[swift-evolution] Swift 3 Ranges

Dave Abrahams dabrahams at apple.com
Wed Sep 14 11:33:25 CDT 2016


on Tue Sep 06 2016, Haravikk <swift-evolution at swift.org> wrote:

>> On 6 Sep 2016, at 07:39, David Hart via swift-evolution
> <swift-evolution at swift.org> wrote:
>> 
>> I have the impression we exchanged flexibility for correctness (the
> ability to represent 0..<Int.max) and that it's wasn't worth the loss
> of flexibility.1
>> 
>> Or am I missing something?
>
>> 
>> On 6 Sep 2016, at 08:15, David Hart via swift-evolution <swift-evolution at swift.org <mailto:swift-evolution at swift.org>> wrote:
>> 
>>> Hi people,
>>> 
>>> I’ve recently started migrating some Swift 2 projects to Swift 3. I
>>> came across the split of Range into Range and ClosedRange and I’ve
>>> really struggled with it. Specifically, in Swift 2, I had a struct
>>> with a Range property that was initialised in many places with
>>> either a closed or open range:
>>> 
>>> struct Day { … }
>>> struct Day : Comparable { … }
>>> struct Day : Strippable { … }
>>> 
>>> struct Info {
>>>     let name: String
>>>     let range: Range<Day>
>>> }
>>> 
>>> Info(name: "Christmas Vacation", range: twentyfith...thirtyfirst)
>>> Info(name: "Summer Vacation", range: someday..<otherday)
>>> 
>>> Now, in Swift 3, it seems like we’ve lost a type to represent any
>>> range to allow an API client the flexibility to specify it as he
>>> wishes. Is there a solution to this problem through a protocol
>>> which both ranges conform to, or are we stuck with this because of
>>> the new API?
>>> 
>>> protocol RangeType {
>>>     associatedtype Bounds
>>>     let lowerBound: Bound { get }
>>>     let upperBound: Bound { get }
>>> // what else? not even sure if it is possible to define such a
> protocol
>>> }
>>> 
>>> David.
>
> The problem was that to implement both generically, a closed range was
> just an open range with the upper bound increment by one step, but as
> you say this wasn't safe as Int.max etc. could not be used.
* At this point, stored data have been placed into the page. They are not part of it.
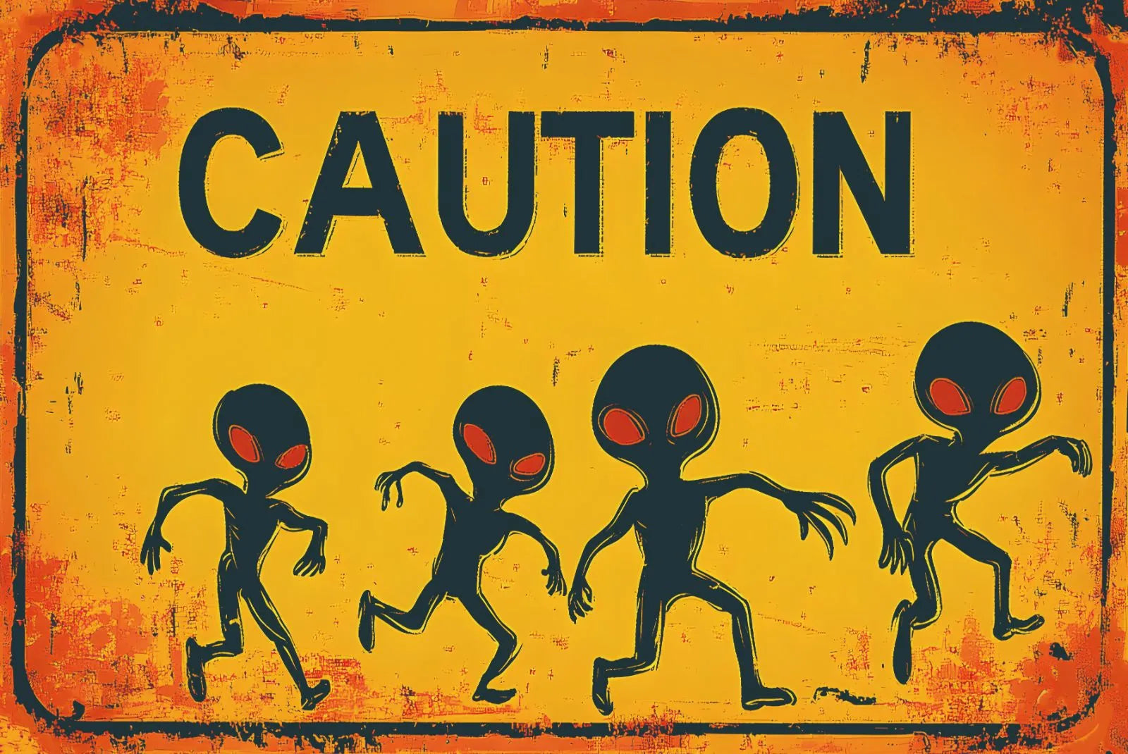 黄色と黒の警告風カラーに、赤い目の宇宙人イラストが描かれています。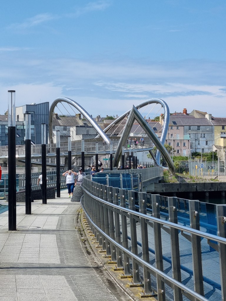 The shuttle bus dropped us at the train/ferry station. After checking the timetable we headed over the Celtic bridge and into the town.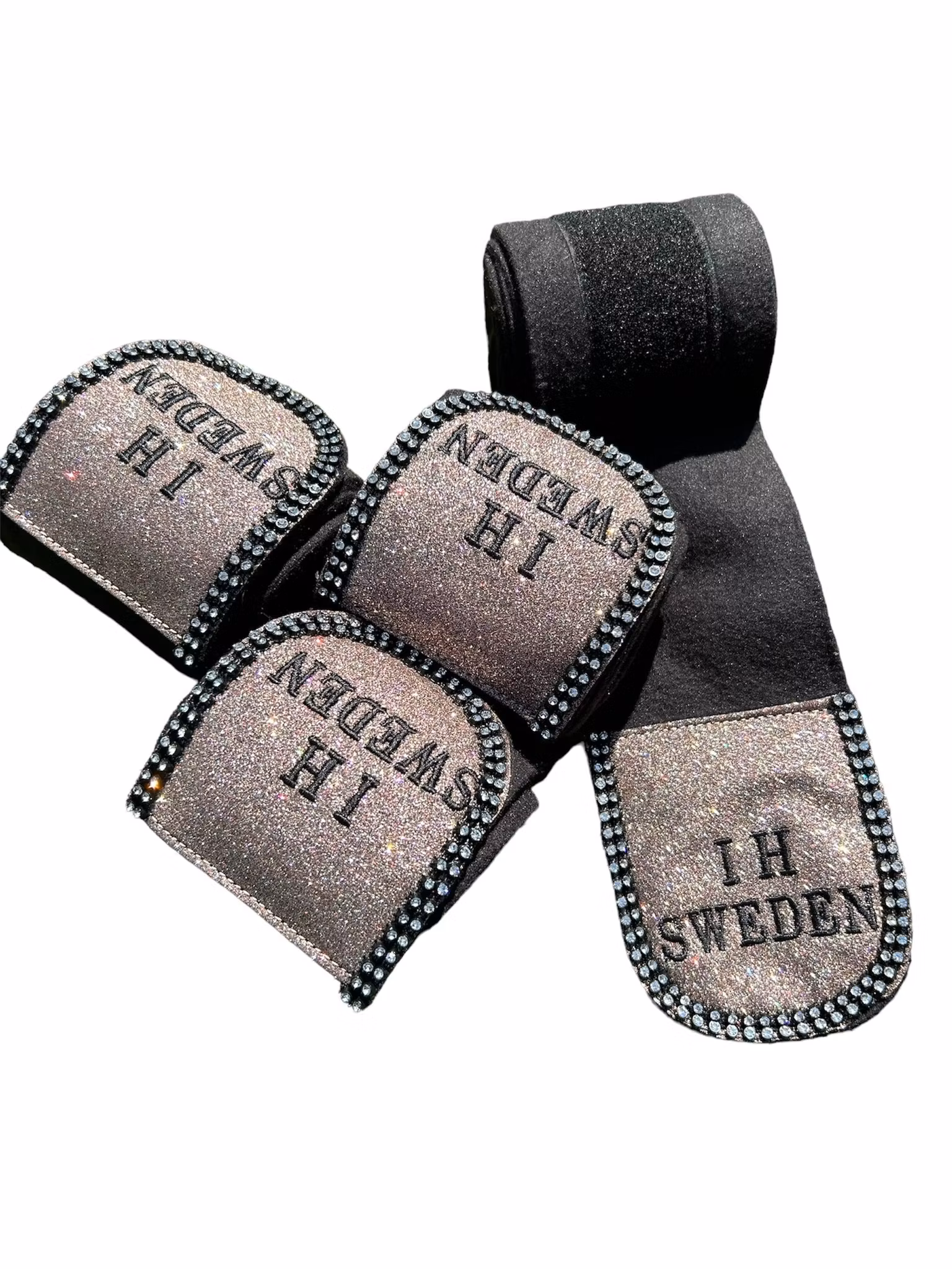 IH collektion i färgen Champagne.Benlindor i svart fleece med glitter och dubbel strassrad.
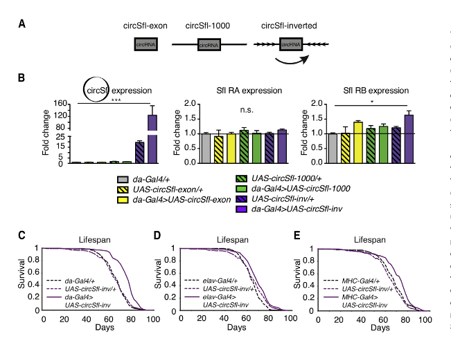 下一步,作者的目标是构建circSfl的过表达突变体。作者测试三种不同构建体的circSfl过表达能力:circSfl-exon(仅含有产生circSfl的外显子)、circSfl-1,000(circSfl外显子加上两侧1,000 bp的内含子)和circSfl-inverted(circSfl-inv;合成circSfl外显子上游1000 bp内含子的反向互补序列,并人工的添加到circSfl外显子下游),仅仅只有circSfl-inv构建体可以显著过表达circSfl,而Sfl RA和RB的表达水平并没有受到很大影响,以下将circSfl-inv称为circSfl过表达突变体。为了验证这种过表达系统是否也适用于其它circRNA,作者为circBtsz合成了类似的过表达构建体。与circSfl的结果一致,circBtsz-inv突变体同样强烈过表达circBtsz,而circBtsz-exon和circBtsz-1000均不影响circBtsz的表达水平。总之,作者利用工程性反向互补的侧翼内含子,来在果蝇体内强烈过表达特异性的circRNA。
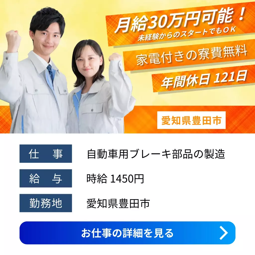 【愛知県豊田市】寮費無料の1Rアパート完備│自動車ブレーキ部品製造スタッフ募集|未経験歓迎組立愛知県寮費無料運搬1400円以上1300円以上1200円以上正社員登用制度検査製造工場求人未経験者歓迎経験不問ブランクOK家族手当交通費支給有給休暇土日休み工場内作業資格不要社会保険女性活躍中男性活躍中寮付き家電付き寮1R派遣住み込み三河オフィス豊田市待機寮2025-12-11 06:28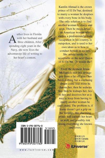 Kamlin Ahmad is the crown prince of El De'bar, destined to marry a woman he despises with every bone in his body. The only solution is to find another woman to marry and soon. Then he meets Jessie, an American woman who carries a predominately male occupation in his country, is outspoken, and is used to her own ideas as to how to conduct herself in society. She would hardly be acceptable as the next Queen of El De'bar. Or would she? From the moment Jessie McDaniels met this strange guy from a far off place has been nothing but a confusing dream come true. First he charms her, then he seduces her, then he kidnaps her, lies to her and deceives her as a way to keep from having to marry another woman he can't stand. The problem is, if Jessie doesn't get a grip on her feelings, this charming prince will capture her heart as well, and possibly risk losing everything she knows and loves.

It was safe.  Trapping is safe behavior.  It was simply not expressive
enough to express the ranges people wanted to write, e.g. 0...Int8.max.
Your scheme (below) isn't either.

> I think if you wanted to solve this you'd need to reintroduce the
> concept of incrementing by a minimum step, which was moved away from
> index types during the changes to the new indexing model for
> collections. You could do this something like so:
>
> // Reintroduce these methods that were lost in the new indexing API
> protocol ForwardStep { func successor()? -> Self }
> protocol BackwardStep : ForwardStep { func predecessor()? -> Self }
>
> // Enable conversion of ranges
> extend ClosedRange where Self.Bound : ForwardStep {
> 	func toOpenRange() -> Range<Self.Bound>? {
> 		guard let upperBound = self.upperBound.successor()
> else { return nil }
> 		return self.lowerBound ..< upperBound
> 	}
> }
> extend Range where Self.Bound : BackwardStep {
> 	func toClosedRange() -> ClosedRange<Self.Bound>? {
> 		guard let upperBound = self.upperBound.predecessor()
> else { return nil }
> 		return self.lowerBound ... upperBound
> 	}
> }
> extend ClosedRange where Self.Bound : BackwardStep {
> 	init(_ openRange:Range<Self.Bound>)? {
> 		guard let closedRange = openRange.toClosedRange() else
> { return nil }
> 		self = closedRange
> 	}
> }
> extend Range where Self.Bound : ForwardStep {
> 	init(_ closedRange:Range<Self.Bound>)? {
> 		guard let openRange = closedRange.toClosedRange() else
> { return nil }
> 		self = openRange
> 	}
> }

This would not result in correct range conversion with respect to all
collections.  For example, a StridedCollection might step its
ForwardStep indices several times for each call to index(after:).